> WORK REQUEST:
Reproduce the listing in its entirety. Do not reproduce the pictures.

COLLECTED DATA START

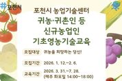 (비전21뉴스) 포천시농업기술센터 2026년 포천시 귀농·귀촌인 등 신규농업인 기초영농기술교육’ 교육생을 오는 2월 6일까지 모집한다. 이번 교육은 포천시로 귀농했거나 귀농을 희망하는 신규농업인을 대상으로 농업경영 전반에 대한 이해와 기초 영농기술 교육을 제공해 안정적인 농촌 정착과 전문농업인으로의 성장을 지원하기 위해 마련됐다. 올해 교육 인원은 25명 내외로 운영될 예정이다. 주요 교육 내용은 귀농 정책사업과 영농생활에 필요한 법률, 지속 가능한 농장 디자인 등 농촌생활 분야를 비롯해 토양 관리와 재배 기술, 소규모 시설하우스 조성, 친환경 농자재 제조 및 활용 등 농업기초기술 교육으로 이뤄진다. 또한 우수 농가 및 체류형 귀농마을 현장 견학을 통해 실제 농업 현장을 직접 체험할 수 있도록 할 예정이다. 교육은 3월 31일부터 7월 28일까지 매주 화요일, 총 17회에 걸쳐 진행되며 교육비는 전액 무료다. 특히 이번 교육 과정은 귀농 자금 신청 시 교육 이수 시간으로도 인정돼 교육생들에게 실질적인 도움이 될 것으로 기대된다. 교육생 모집 기간은 2월 6일까지이며, 모집 대상은 포천시에 귀농한 지
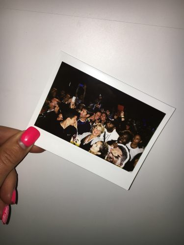 L’histoire avec Kentin MAHÉ est plutôt rigolote. Lors de la présentation sur le podium de toute l’équipe masculine de handball, il est en possession d’un appareil photo Polaroïd et il s’amuse a prendre le public en photo. Avec mon amie bénévole, nous essayons de l’interpeller pour une photo, il va donc nous prendre en photo et en plus de ça, nous donner la photo dans la foulée… Petit geste sympathique !
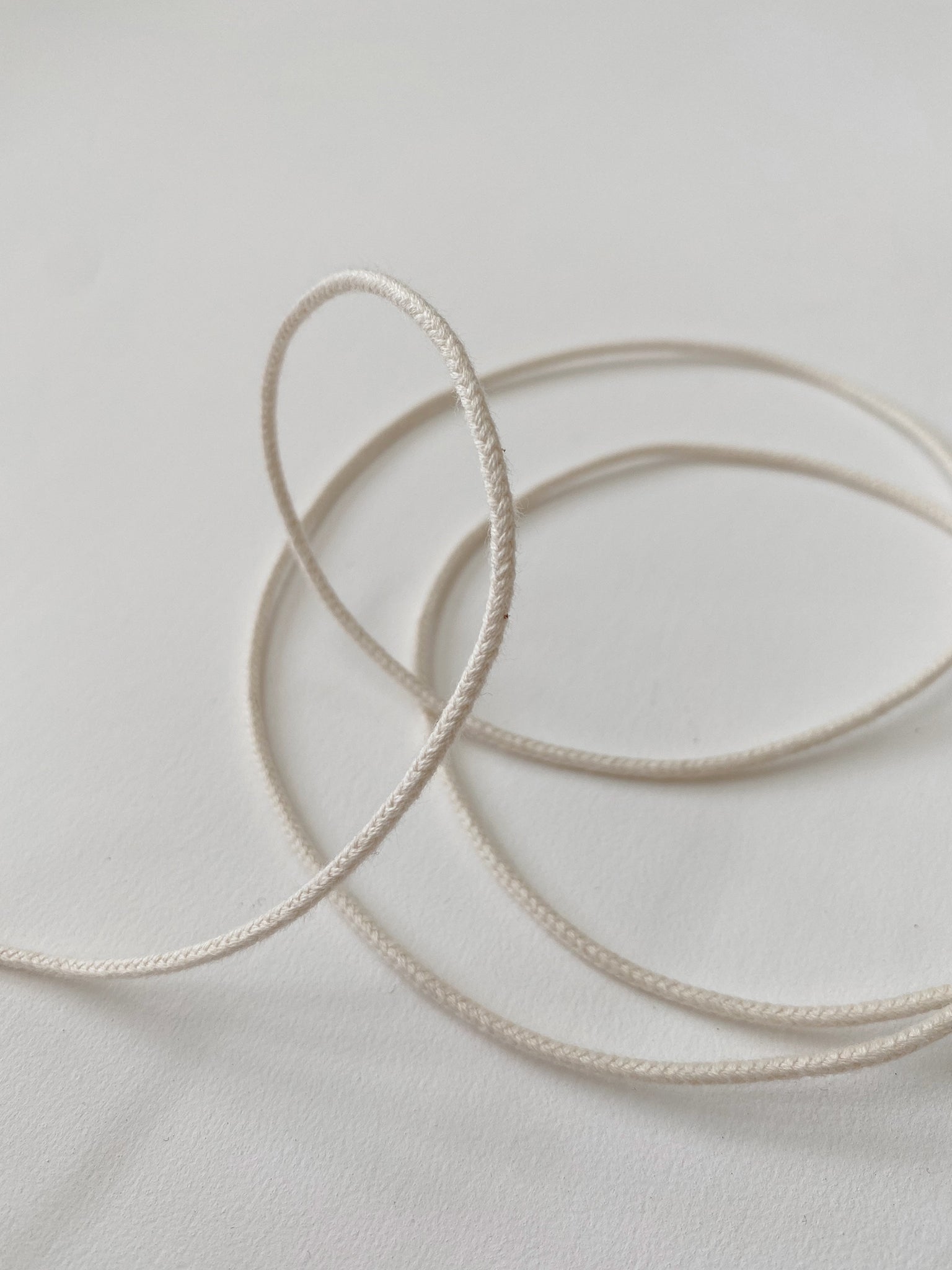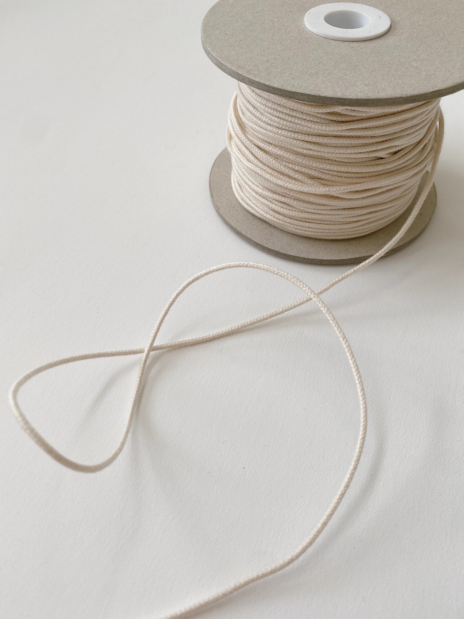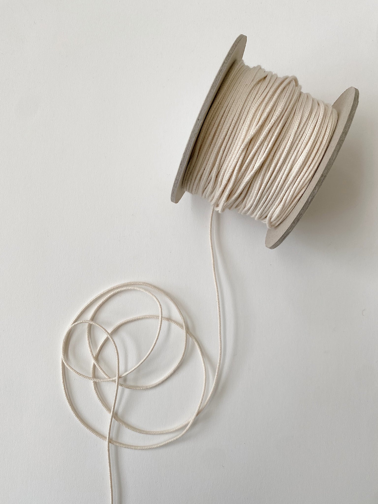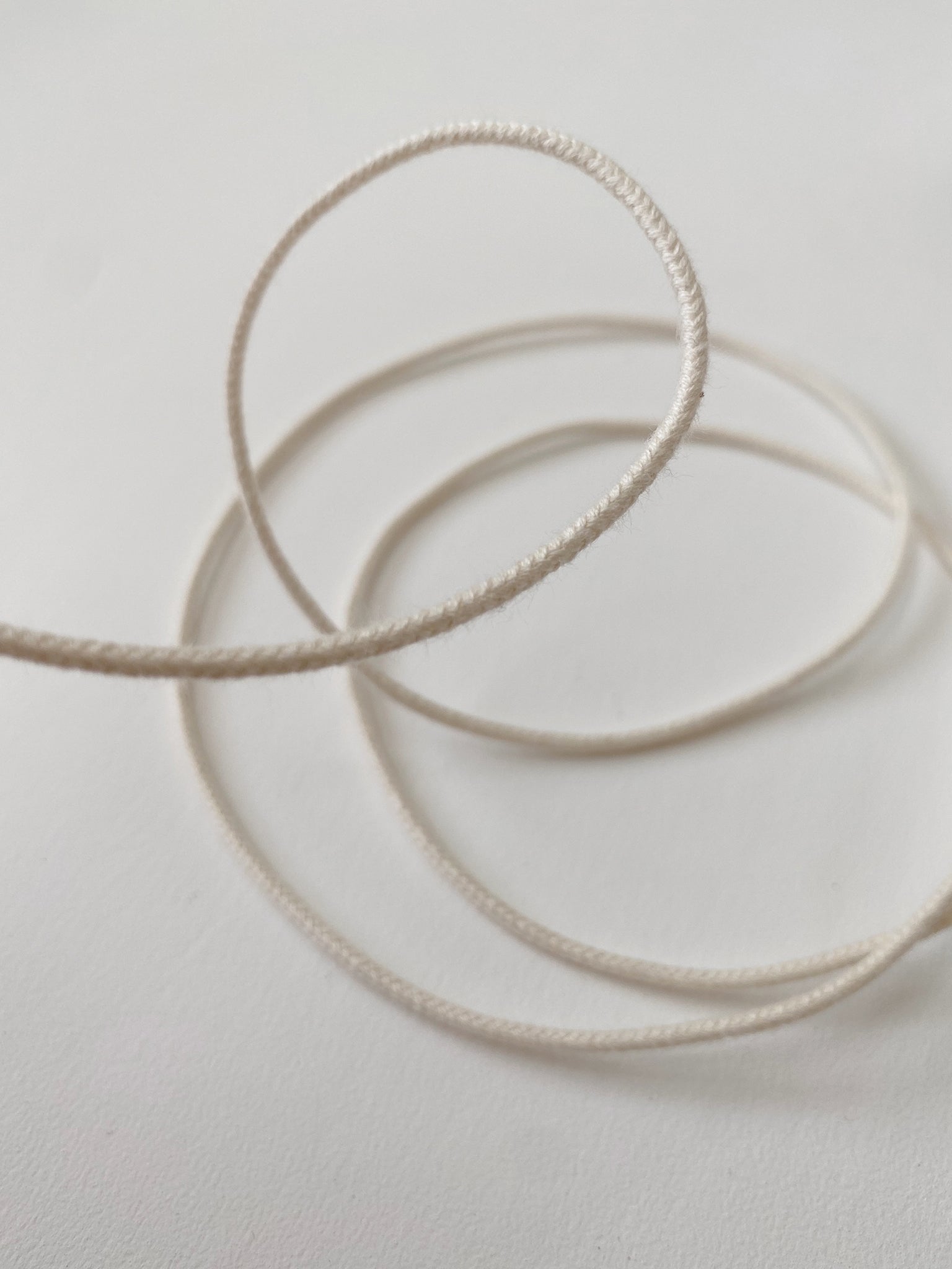100% biodegradable round piping cord made from GOTS organic cotton in 2mm diameter.

COLLECTED DATA END

> YOUR SOLUTION:
 (비전21뉴스) 포천시농업기술센터 2026년 포천시 귀농·귀촌인 등 신규농업인 기초영농기술교육’ 교육생을 오는 2월 6일까지 모집한다. 이번 교육은 포천시로 귀농했거나 귀농을 희망하는 신규농업인을 대상으로 농업경영 전반에 대한 이해와 기초 영농기술 교육을 제공해 안정적인 농촌 정착과 전문농업인으로의 성장을 지원하기 위해 마련됐다. 올해 교육 인원은 25명 내외로 운영될 예정이다. 주요 교육 내용은 귀농 정책사업과 영농생활에 필요한 법률, 지속 가능한 농장 디자인 등 농촌생활 분야를 비롯해 토양 관리와 재배 기술, 소규모 시설하우스 조성, 친환경 농자재 제조 및 활용 등 농업기초기술 교육으로 이뤄진다. 또한 우수 농가 및 체류형 귀농마을 현장 견학을 통해 실제 농업 현장을 직접 체험할 수 있도록 할 예정이다. 교육은 3월 31일부터 7월 28일까지 매주 화요일, 총 17회에 걸쳐 진행되며 교육비는 전액 무료다. 특히 이번 교육 과정은 귀농 자금 신청 시 교육 이수 시간으로도 인정돼 교육생들에게 실질적인 도움이 될 것으로 기대된다. 교육생 모집 기간은 2월 6일까지이며, 모집 대상은 포천시에 귀농한 지
 L’histoire avec Kentin MAHÉ est plutôt rigolote. Lors de la présentation sur le podium de toute l’équipe masculine de handball, il est en possession d’un appareil photo Polaroïd et il s’amuse a prendre le public en photo. Avec mon amie bénévole, nous essayons de l’interpeller pour une photo, il va donc nous prendre en photo et en plus de ça, nous donner la photo dans la foulée… Petit geste sympathique !
100% biodegradable round piping cord made from GOTS organic cotton in 2mm diameter.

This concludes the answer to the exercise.